I’m going to have to learn to embrace the stillness.  The quietness. I can’t fear it. I can’t  run from it. I have to learn to walk in it, sit in it. Enjoy it. Not so that I can become a recluse or a loner, but so that I can appreciate the love and company of others when they are present. So that I can listen better. Do a better job of hearing what others have to say.  And mainly so that I can hear that still, quiet whisper of God’s spirit as He guides me through this valley. 

Recognizing that voice in the quiet is the key to making it through this maze of grief and any other wilderness in life. When I’m feeling lost and alone, I need to learn to not panic and start yelling and feeling scared, but to settle down and calm my nerves. Breathe deep. Close my eyes and concentrate and listen for that quiet still voice of the Spirit as it guides me through the darkness. 

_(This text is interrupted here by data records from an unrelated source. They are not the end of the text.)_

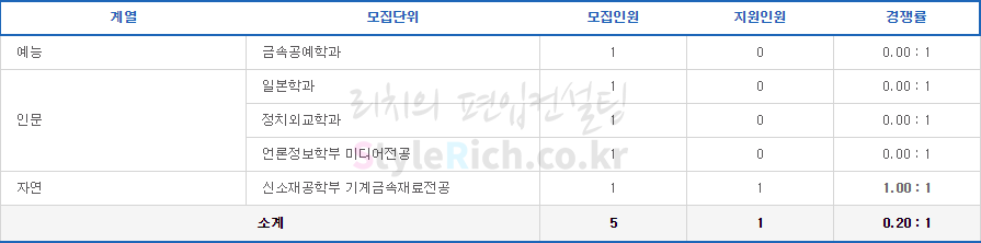 인문계에서는 2개 학과가 모집하였고 경영학부 경영학전공이 중국학부 중국정경전공보다 높았습니다. 자연계에서도 2개 학과만 모집하였고 신소재공학부 기계금속재료전공이 건설시스템공학부 건설시스템공학전공보다 약간 높은 경쟁률을 보였습니다.
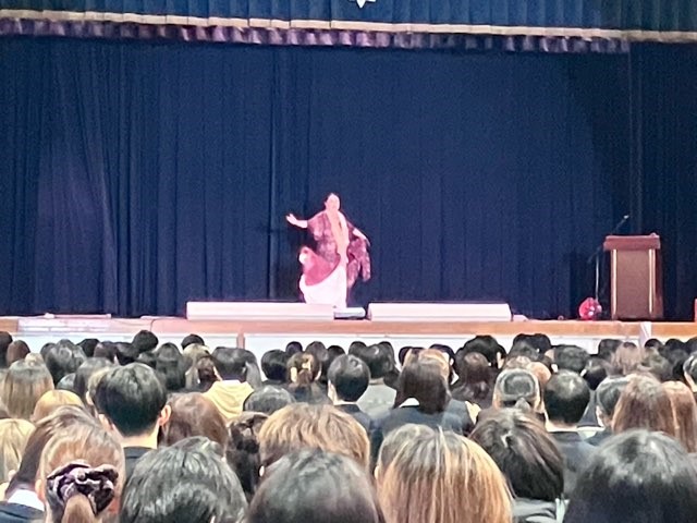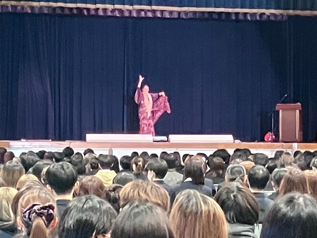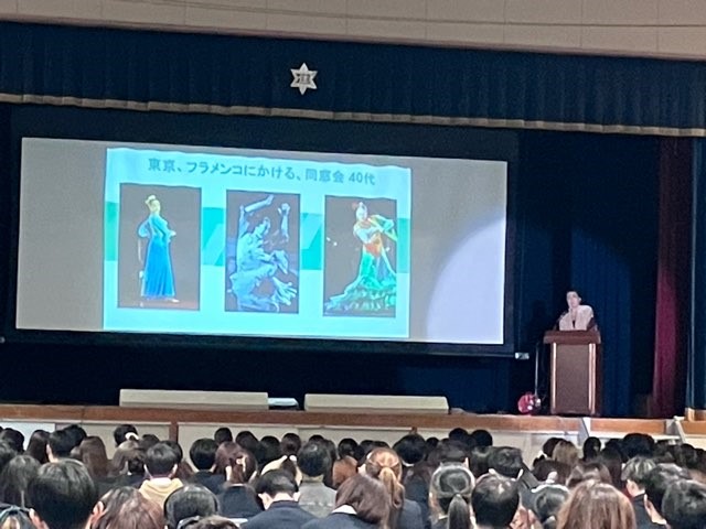 続いて34期生の林結花さんです。卒業後、イギリス在住時代にスペインを訪れ、アンダルシアの文化、特にカンテフラメンコに強く惹かれ、踊りを習い始められました。その後スペインに長期留学され、ダンスを習得。現在はスイスにお住まいで、フラメンコの公演だけでなく指導もなさっています。今回、ご家族と共にスイスからお越しくださいました。林さんは高校時代の苦手科目の克服の話や失敗談、そしてフラメンコへの情熱についてお話してくださいました。そして、実際フラメンコも踊ってくださいました。
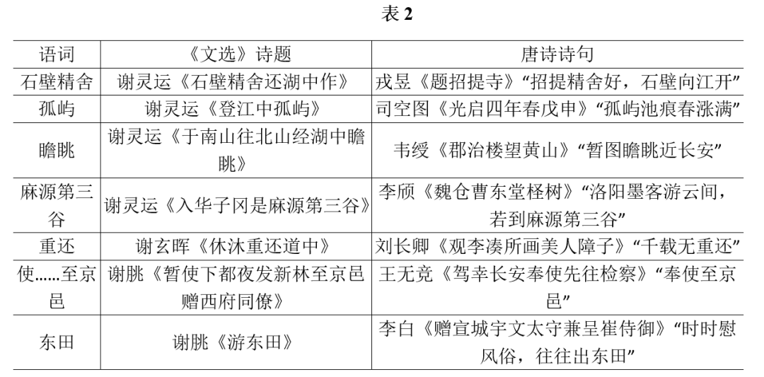 通过此表,可见唐人对三谢之推重,并非泛泛谩言。李白《与周刚清溪玉镜潭宴别》起首:“康乐上官去,永嘉游石门。江亭有孤屿,千载迹犹存。”分别“采用”谢灵运《石门新营所住四面高山回溪石濑茂林修竹》《登石门最高顶》《登江中孤屿》三则诗题。李群玉《送于少监自广州还紫逻》“鸣皋山水似麻源,谢监东还忆故园”,上句用谢灵运《入华子冈是麻源第三谷》诗题,下句用谢灵运《还旧园作见颜范二中书》诗题,皆可谓尽“采用”诗题之能事。
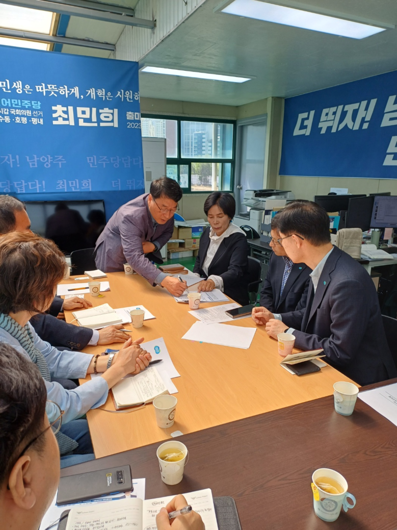 최민희 당선인 사무소는 오늘(19일) 최 당선인이 경기도 행정2부지사와 만난 자리에서 지하철 9호선 평내호평·마석역 분선연장과 경기도립병원 유치 등 지역현안에 대한 협력을 요청했다고 밝혔다.
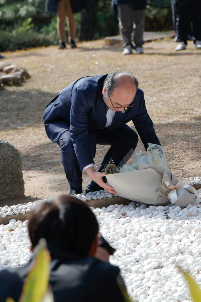 式典開始時時刻の12時半になると、全員が慰霊碑を囲んで1分間の黙祷を捧げた。黙祷後には、大学を代表して藤澤正人学長が花束を慰霊碑に献花し、続けて大学幹部も白い菊の花を供えた。その後、参列した遺族らが献花した。献花者の中には経済・経営・法学部の学部長らの姿もあった。
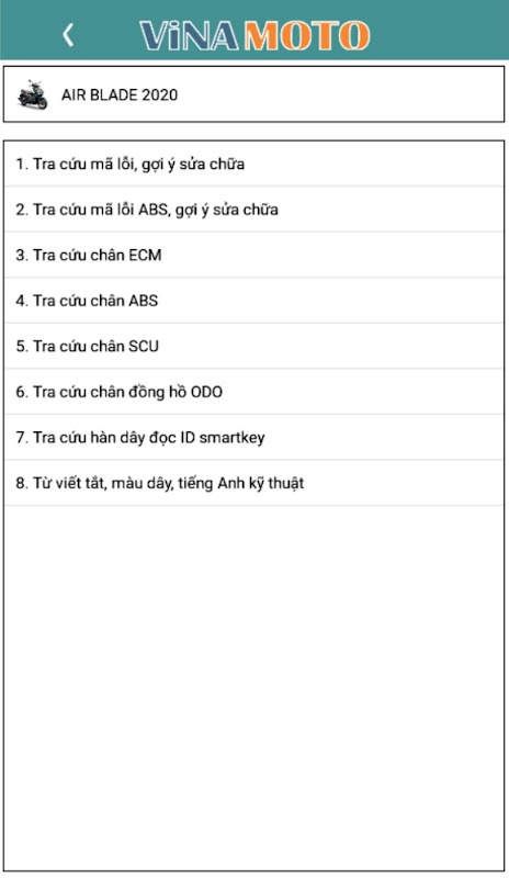 Applicazione per cercare, suggerire di riparare motocicli di vietnamiti
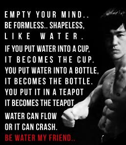 At Work, Be Like Water "You must be shapeless, formless, like water When you pour water in a cup, it becomes the cup When you pour water in a bottle, it becomes the bottle When you pour water in a teapot, it becomes the teapot Water can drip and it can crash Become like water my friend" What I like about this quote from Bruce Lee"Empty your mind Be formless, shapeless, like water Be water, my friend" The famous quote from martial arts star Bruce Lee has taken on a new life as a slogan of the Hong Kong protestors
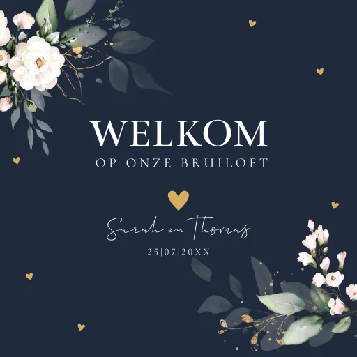 Verwelkom jullie gasten met een prachtig en persoonlijk welkomstbord. Pas gemakkelijk het design zelf aan en ga aan de slag met onze editor. Mocht je er niet uitkomen, neem dan gerust contact met ons op. Wij zijn er om je te helpen. Specificaties: • Formaat: 70 x 70 cm • Materiaal: forex 5 mm dik • Weersbestendig
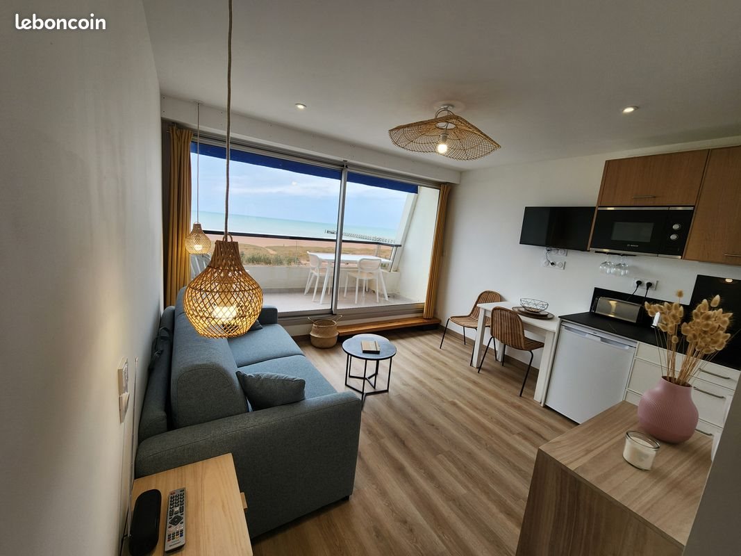 ? Location d'un studio meublé à Saint-Jean-de-Monts Face mer entièrement rénové en 2022. ? Libre à l'année dès le ? Le studio est composé de : ▪️ Espace cuisine équipée (frigo-freezer, micro-ondes, plaque induction, bouilloire, machine à café, grille-pain), ▪️ Espace de vie avec Tv, un canapé lit (matelas à usage quotidien 140x190 de bonne qualité), table à manger pour deux. ▪️ Sde, toilette, sèche serviette, lave linge. ▪️ Terrasse (6m2) avec grande table à manger et deux chaises + 2 bains de soleil. ▪️ Cave. ? Gardien à l'année ? Pas de place de parking privé mais du stationnement disponible autour du logement. ♨️Chauffage électrique. ? Loyer: 500 € Non inclus : électricité + Eau Caution demandée ? Me pour plus d'informations. ?Photos supplémentaires à la demande.
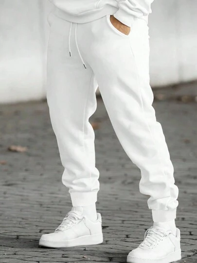 Manfinity Homme 宽松男式松紧腰抽绳慢跑裤 - 白色 - 查看 1

I wanted to entitled this “Embracing the Lonliness”, but I realized something very important.  I am not alone! Although I may feel as if I am. Even though I  may feel lonely. Conscientiously, I know I am not alone. David said in the 23rd Psalm referring to God the Father, “. . . For thou art with me. Thy rod and thy staff, they comfort me . . .” God also said “I will never leave you or forsake you.” So I am not alone even though I may feel lonely. 

There is quiet, though. Once, where there was joy and laughter and noise and talk and movement and singing and dancing and shouting. Now, there is stillness. However,  quietness and stillness have their work cut out for them, because they have a huge void to fill. Kandi was larger than life! I’m not saying she was obnoxious, but she had a large presence. Her 5’4″ 1–# frame could fill up a choir room or a church sanctuary when she entered. So, quietness and stillness cannot silence the voice or stop the movement of her legacy and her memory that continues to live and breathe and go with me and others wherever we are. 

So silence and stillness, I embrace you, I welcome you because its in these times when the memory of her comes flooding back, putting a tearful smile on my face. This serves as a bittersweet reminder that not only is God, my Abba Father with me, but so is she.